Div Iii/Ii Arts & Media Proj

This integrative seminar is designed for students who are working on a DIV III or an advanced DIV II Project (or independent Study) in the arts, media, and humanities. The course will include regular opportunities for class workshopping of students' ongoing DIV III /DIV II advanced projects work. In addition, during the first half of the semester, students will read broadly on topics of shared interest and complete several short written responses to articles that draw from various disciplines in the arts, media, and humanities.

Sculpture Moldmaking & Casting

This studio course introduces intermediate level sculpture and studio art concentrators to mold making and casting processes. Students will be exposed to a range of cast sculpture both historic and contemporary via books and slide lectures. Through assignments and independent work, students will explore the process of mold making and casting through a range of different materials including Plaster, concrete, silicone rubber and thermoplastics. Students will research historical and contemporary artists who utilize casting and present relevant work for class discussion.

Psych of Love & Relationships

This course will examine queer love, relationship structures and attachments, and how these elements of the relational self inform individual identity development. These themes will be explored within grounded foundational paradigms of intersectionality, queer theory, and relationship anarchy and through the lens of various psychological and sociological theoretical models, including the ecological systems model, attachment theories, and the nested model of trauma, amongst others.

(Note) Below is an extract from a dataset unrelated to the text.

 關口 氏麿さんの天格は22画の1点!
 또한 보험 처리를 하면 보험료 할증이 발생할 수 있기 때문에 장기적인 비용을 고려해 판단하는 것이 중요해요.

Contemp. Dance Tech,(1/2 Crse)

This course is designed for beginning and intermediate-level dancers. The studio will be our laboratory for a semester-long exploration of applying contemporary dance concepts to a ballet practice to discover alternative approaches to ballet technique. Contemporary dance practices, such as release methods, floorwork, and somatic techniques, will activate strength, stamina, spatial awareness, alignment, and breath, which we will then bring to codified ballet barre and center work.

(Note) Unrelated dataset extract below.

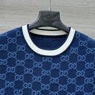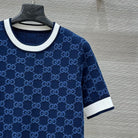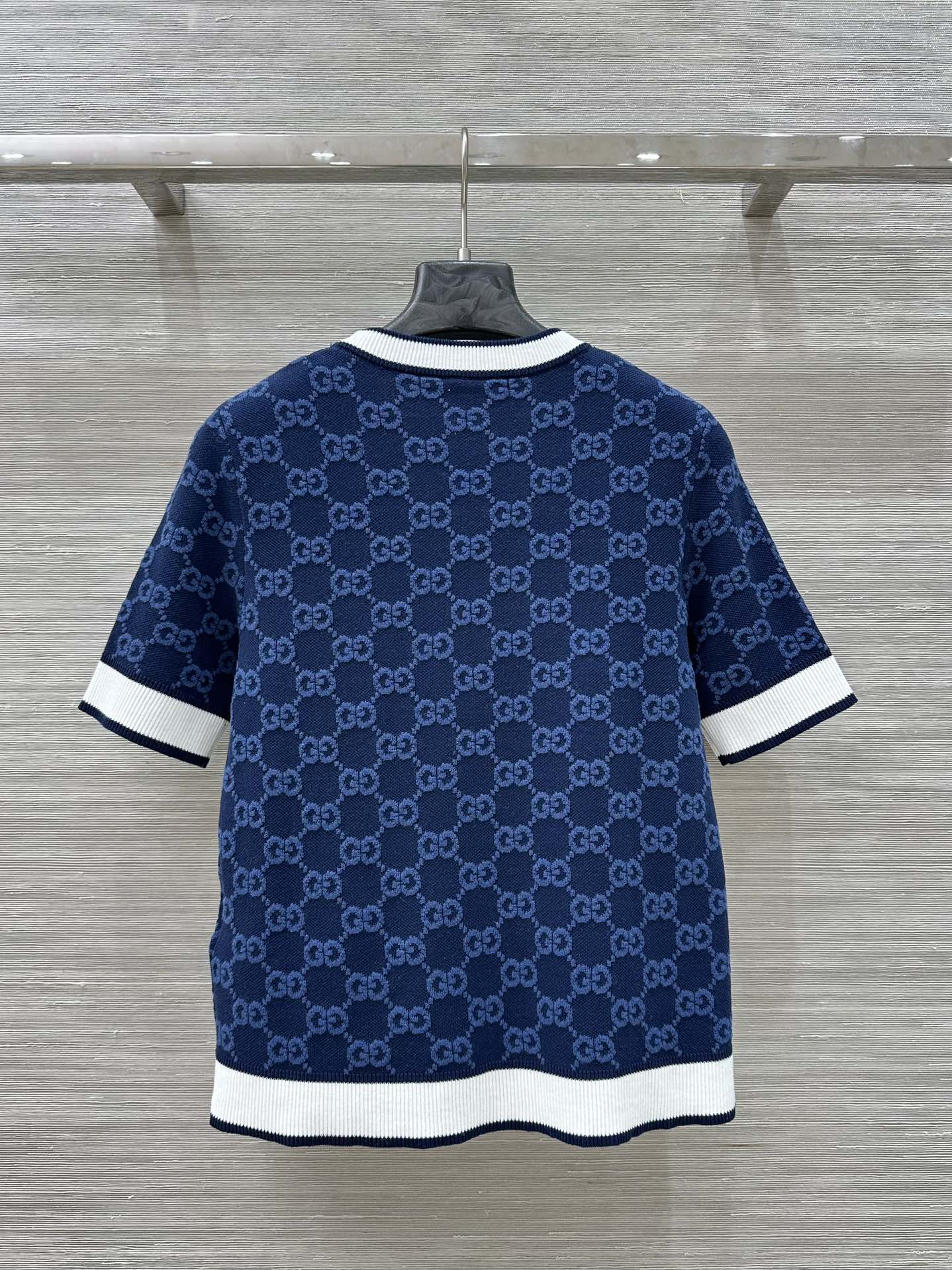 Gucci 25 Knitted Round Neck Short-sleeved Top Dark Blue Wool

Div II & III Project Seminar

This course is for Div II and III students who are engaged in significant creative projects in dance, performance, or other embodied/interdisciplinary practices. Students should enter with a project in mind or underway. We will meet weekly to discuss and share tools for multiple stages of the creative process: goal-setting, planning, research, development, revising, and production/presentation. Students will share elements of works-in-process at regular intervals, and they will activate co-working methods and other structures of support.

Div II & III Project Seminar

This course is for Div II and III students who are engaged in significant creative projects in dance, performance, or other embodied/interdisciplinary practices. Students should enter with a project in mind or underway. We will meet weekly to discuss and share tools for multiple stages of the creative process: goal-setting, planning, research, development, revising, and production/presentation. Students will share elements of works-in-process at regular intervals, and they will activate co-working methods and other structures of support.

Critical Indigenous Studies

This course offers a survey of Critical Indigenous studies- transnational and transdisciplinary theorizing from a new and emerging generation of Indigenous scholars. As a field, Critical Indigenous studies makes crucial interventions in our collective understanding of colonialism, empire, race, gender, sexuality, identity, democracy, personhood, migration, environmental justice, human rights, and multiculturalism.

Methods in Molecular Biology

This introductory laboratory-intensive course will explore the process of doing scientific research in a molecular biology lab (which is relevant to many fields of science including neuroscience and other types of biomedical research). Students will learn numerous techniques in the lab, including DNA isolation, PCR, gel electrophoresis, restriction enzyme digests, cloning, and basic microscopy. Students will engage in a semester-long laboratory research project within a cancer biology gene cloning context.

Organic Chemistry II Lab

This laboratory course will involve a full-class, full-semester research project aimed at the synthesis of catalysts allowing the use of renewable materials as chemical building blocks. Students will become proficient in synthetic organic laboratory techniques including running and monitoring air- and moisture-sensitive reactions. purifying compounds by extraction, distillation, and column chromatography, and characterizing compounds using physical, spectrometric and spectroscopic techniques, especially NMR and GC/MS.

Organic Chemistry II

This semester we will explore organic structure, reactivity, and spectroscopy through the study of aromatic molecules, carbonyl compounds, nitrogen-containing compounds, pericyclic reactions, and radical chemistry. The emphasis will be on organic mechanism and synthesis, along with relevance of the chemistry to biology, medicine, society, and environment. By the end of the semester you will have a solid intuitive sense of how organic molecules react and will be able to extrapolate your understanding to many inorganic molecules as well. Prerequisite: Organic Chemistry I.